Der in Damaskus geborene Reporter mit einem deutschen und einem syrischen Pass spricht mit sanfter Stimme vom Krieg. "Der Afghanistan-Krieg hat die Stimmung radikalisiert. Die arabische Welt fühlte sich vom Westen gehasst. Dass jetzt der Westen über Bushs Politik streitet, hilft den liberalen Kräften im Nahen Osten", meint er.

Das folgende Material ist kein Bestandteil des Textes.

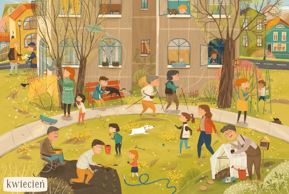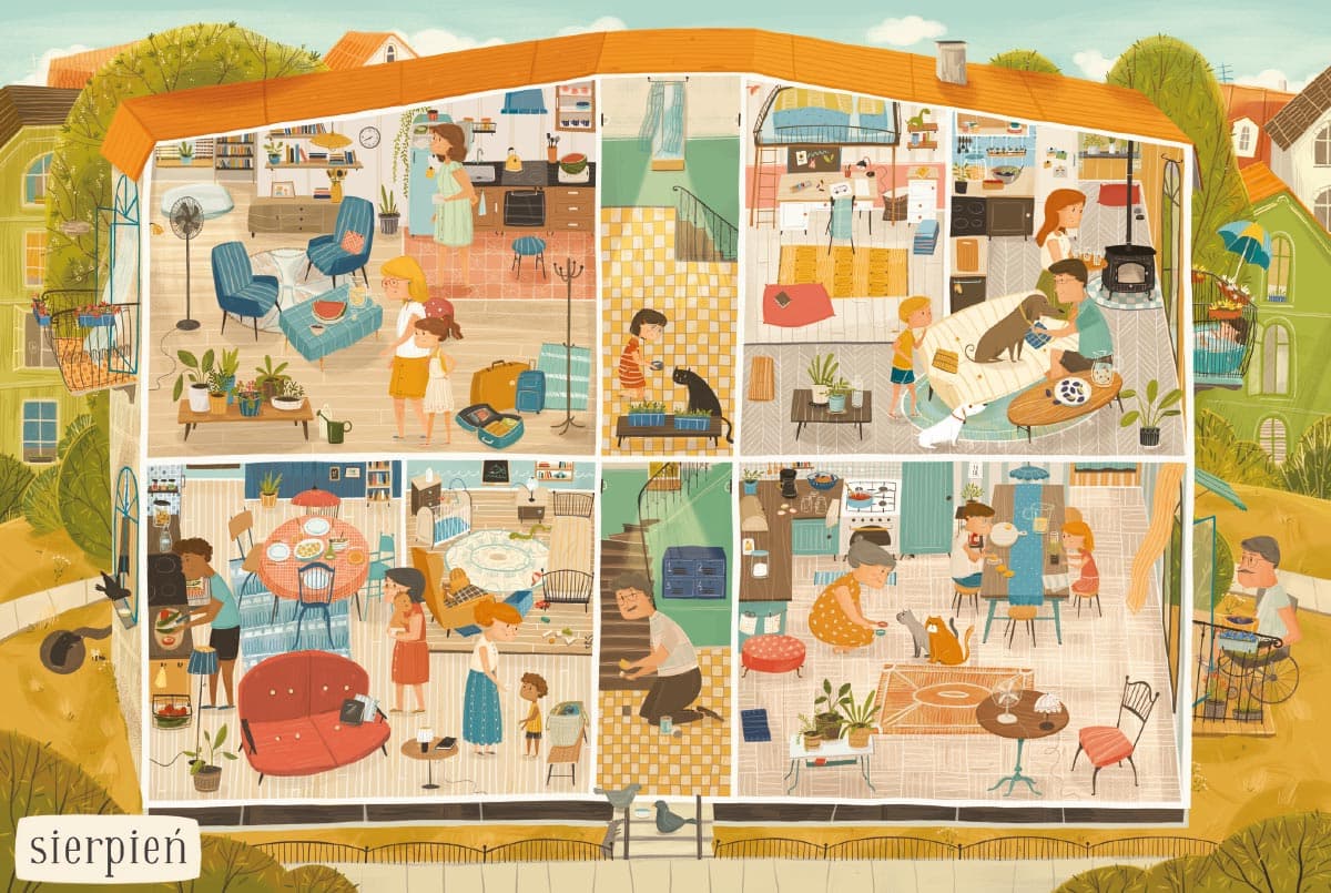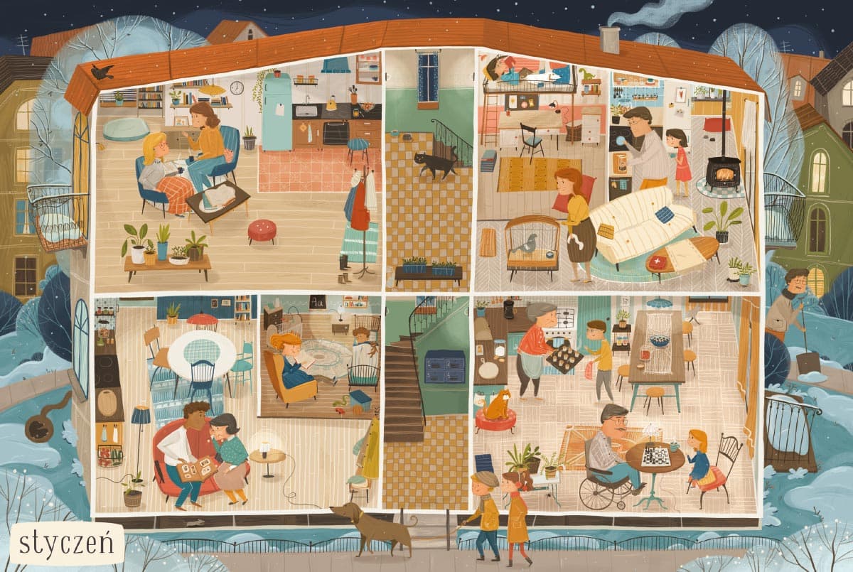 Witajcie! Na imię mi Aleks. Mieszkam przy ulicy Gołębiej 7 razem z rodzicami i braciszkiem Filipem. W naszym domu nigdy nie jest nudno! Mamy sympatycznych sąsiadów i dużo zwierzaków, a za domem jest mnóstwo miejsca na zabawę. Mamy nawet wspólny ogródek! Zapraszam was do naszej kamienicy – najfajniejszego miejsca na świecie! Kamienicę przy Gołębiej 7 zamieszkuje grupa serdecznych ludzi i ich uroczych podopiecznych: Maria i Witold z dwoma kociakami, pisarka Oliwia z rodziną, księgarka Ola z synem Antkiem i psem Azorem, prowadzący klinikę weterynaryjną Basia i Karol z córkami oraz psiakiem Kropką. Nieustannie pomaga im Krzysztof – złota rączka. Nie mogło również zabraknąć gołębi (nazwa ulicy zobowiązuje!), kosa, myszki, kreta, pająka oraz kota Benka! Tę zgraną ferajnę często odwiedzają goście: miłośnik szachów Jan, Klara – mama Oliwii, Karolina i Kacper – ukochane wnuczęta Marii i Witolda, rolnik Adam z synem Kubą, Hanna – przyjaciółka Oli, oraz jej córka Laura, a także pani listonoszka. Największe bystrzaki gdzieniegdzie wypatrzą też pszczołę Lidkę! Co oni wszyscy robią w ciągu roku? Sprawdźcie sami, oglądając pełne szczegółów ilustracje! A co wy zwykle robicie w domu i na podwórku w styczniu, lutym, marcu i innych miesiącach? Marta Kulesza z wykształcenia jest graficzką, ale jej prawdziwą pasją jest ilustracja. Nałogowo czyta książki, głównie kryminały, ale nie potrafi też przejść obojętnie obok pięknie ilustrowanych książek dla dzieci. Najlepsze pomysły wpadają jej do głowy podczas długich spacerów po lesie. Powyższy opis pochodzi od wydawcy.
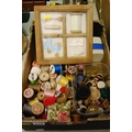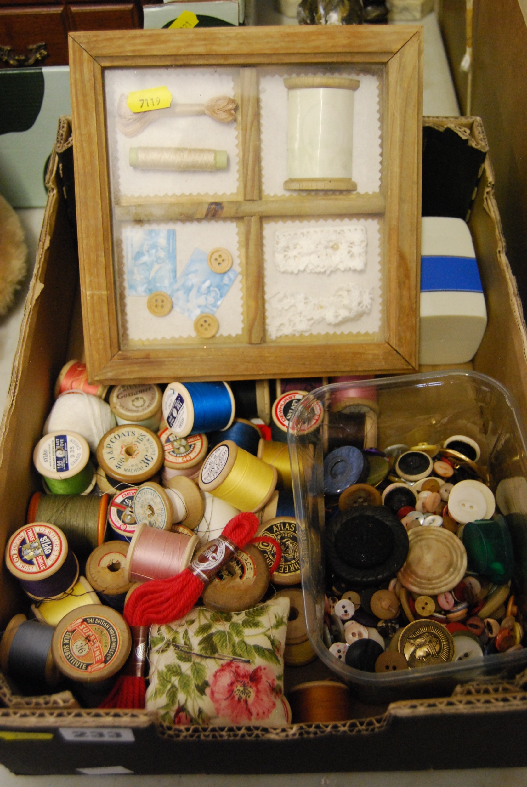 BOX OF SEWING ITEMS INCLUDING COTTONS, BUTTONS, PINE BOX, ETC

"Es gibt keine Ideologie" , sagt Suliman. Er wolle nicht bekehren, weder zum wahren Glauben, noch zur Demokratie. "Wir zeigen sowohl ein Interview mit Außenminister Fischer als auch die Gegenrede von US-Verteidigungsminister Rumsfeld." Diese Darstellung unterscheide Al Dschasira von anderen arabischen Programmen, die Propaganda-Medien der Herrscher seien, sagt Suliman und nimmt für seinen Sender in Anspruch, zu einer "gewissen Demokratisierung" beigetragen zu haben. "Ohne es geplant zu haben, unterstützen wir den Dialog der Kulturen." Und so sieht sich der Journalist als eine Brücke zwischen Deutschland und der arabischen Welt. 35 Millionen Haushalte mit mindestens drei, im "Idealfall" aber bis zu zehn Personen, können Al Dschasira empfangen.